Samedi, journée spéciale Frank Sinatra sur France Musique. Me voilà toute entière absorbée par cette voix et ce rythme qui me transforment en énergie vibrante. Que je voudrais partager avec vous.
Quand j’écoute de la musique, rien d’autre n’est possible. Prendre une douche se révèle compliqué, parler difficile, écrire impossible. Seul le mouvement a du sens.
C’est que je ne peux écouter de la musique qu’en mouvement. Toutes les musiques se dansent, bien sûr certaines se chantent. Pour moi c’est dans ce sens là. Mettez de la musique et permettez moi de l’écouter, et vous me verrez me lever aux premières notes.
Bien qu’automatiques, comme créés par une force que je ne guiderais pas, ces mouvements mettent pourtant en route bien des choses : les muscles se contractent non seulement pour mettre mon corps en position verticale, mais aussi pour continuer le mouvement dans un glissé ou une arabesque. Mes bras s’ouvrent, prêts à accueillir le monde, ma peau vibre, ma vision se fait plus large, mesure l’espace, repère les limites et les dangers. Mon cœur bat un peu plus vite, prêt à l’effort, se souvenant des grands jetés de sa jeunesse ou réclamant un rock endiablé.
Quant aux neurones, les voilà concentrés sur la coordination du corps et de la musique, des bras et des jambes, peut-être du corps avec un autre corps. Impossible alors de penser à autre chose.
Si ce n’est peut-être chanter? Idéalement à tue-tête. A tue-tête. Parce que cela empêche toute autre sorte de d’activité cérébrale.
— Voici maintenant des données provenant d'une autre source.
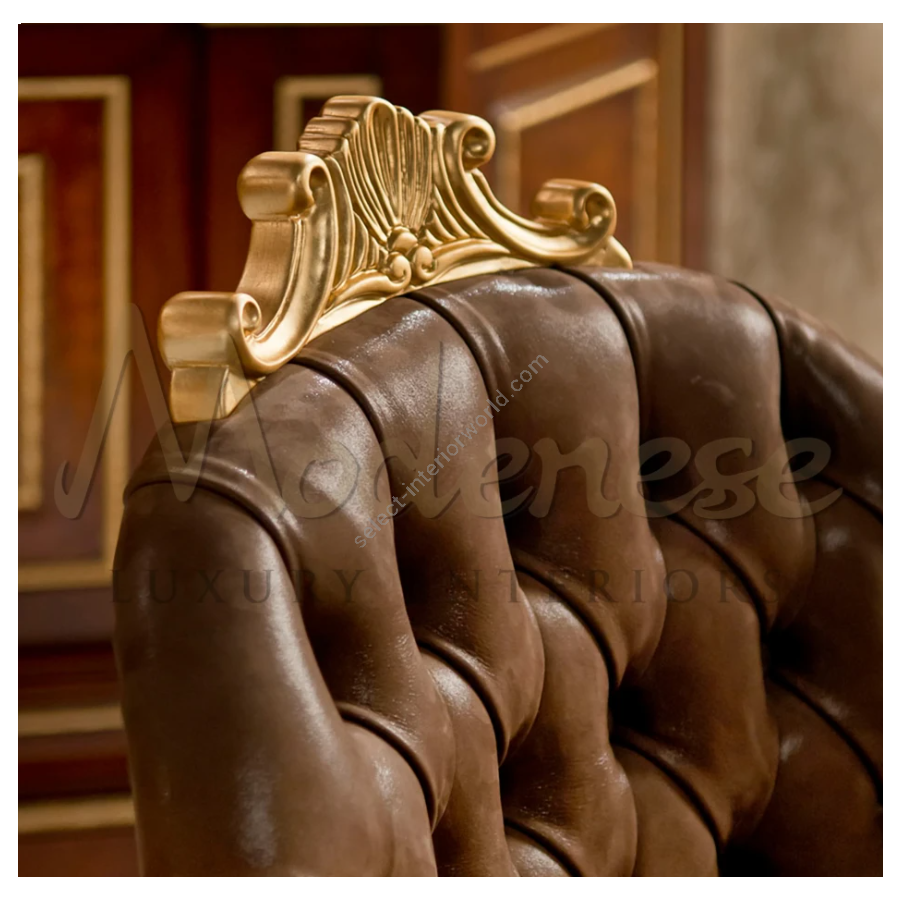 A great functionality that comes with sophistication is the result of this leather swivel armchair. The craftsman work is highlighted here by patinated gold leaf details with whole seating has covered with leather and finished with capitonné stitch. The colour choice can be altered upon requested.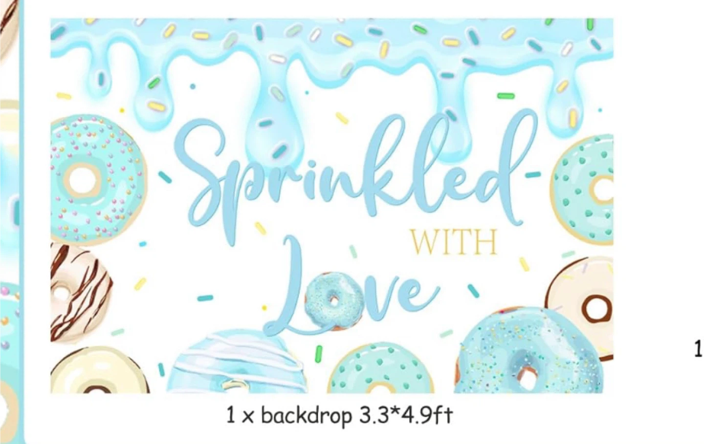 I'm selling a 'Sprinkled With Love' themed backdrop, perfect for parties or events! It measures 3.3 x 4.9 ft.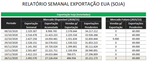 O USDA divulgou ontem o relatório de vendas semanais para exportação dos EUA, com números dentro do esperado para a soja e milho. Na semana encerrada no dia 26 de novembro, as vendas de soja 2020/21 foram de 407 mil toneladas, contra 768 mil da semana anterior e 684 mil do mesmo período do ano passado. Na temporada as vendas de soja dos EUA somam 52,34 milhões de toneladas, contra 25,94 milhões do mesmo período da temporada anterior.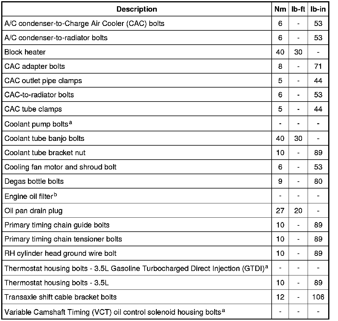 Torque Specifications

Chanter ramasse l’énergie dans la gorge, dans la poitrine, expulse les miasmes intérieurs, charrie les cailloux et la boue de la tristesse, de la colère, de l’ennui, et que vient alors cette vague de joie pure. Ce bain de plaisir. Cet éblouissement intérieur qui fait jaillir un feu vital. Tiens, d’autres neurones, d’autres hormones. De ceux qui nous droguent, qui anesthésient la douleur, qui donnent envie d’aimer.
Comment ne pas être joyeux?
Mais pour cela, il faut faire de la place, toute la place, à la musique. Ne pas en faire le fond du décor. Ne pas l’ajouter à une pile déjà haute d’autres bruits : Bruits intérieurs des pensées qui s’entrechoquent dans un brouhaha continu ; soudaine déflagration d’une émotion qui effrayera et réduira au silence, quelques secondes ou quelques heures, les autres habitants de l’esprit ; bruits extérieurs des conversations, que j’y participe ou pas ; sollicitation expresse d’un autre.
Comment écouter, parler, quand chaque mesure me donne envie de me fondre en elle, d’être elle, quand je voudrais me faire violon ou batterie, quand mes mains ne pensent qu’à devenir celles du pianiste ou du guitariste, quand un vertige me gagne comme si la musique, être invisible mais puissant, venait me faire basculer dans un autre monde ? Par pitié, ne me parlez pas quand j’écoute Mozart !
Mais aussi, insulte suprême à la musique, le bruit tonitruant de la lecture. Peu de choses ont pour moi plus de valeur que les livres. Mais lire prend toute la place. Lire demande de comprendre, et parfois de réfléchir à ce que l’on a compris. Ou bien de ressentir, de vivre, immobile, la vie d’un autre. La musique est alors comme une petite chapardeuse, vole quelques secondes d’attention ça et là, tente de se faire discrète – elle qui devrait mener le monde -, reprend ses droits brièvement, entre en querelle avec le texte, dégaine soudain une arme, parfois gagne et le livre se ferme.
Il reste le bruit du tumulte, qui gâche celui de la mélodie. Il faut du temps, que l’on n’a pas toujours, pour que la musique reprenne toute la place.
Et parfois c’est elle qui capitule. Qui est rejetée de la conscience. Qui disparaît presque, devient un simple parasite de l’attention, une petite gêne familière. Jamais la musique ne devrait être traitée comme ça.
Alors pour mettre de la joie et de l’énergie dans votre week-end, lâchez tout le reste, lancez la musique, et dansez !
Pourquoi pas sur That old black magic.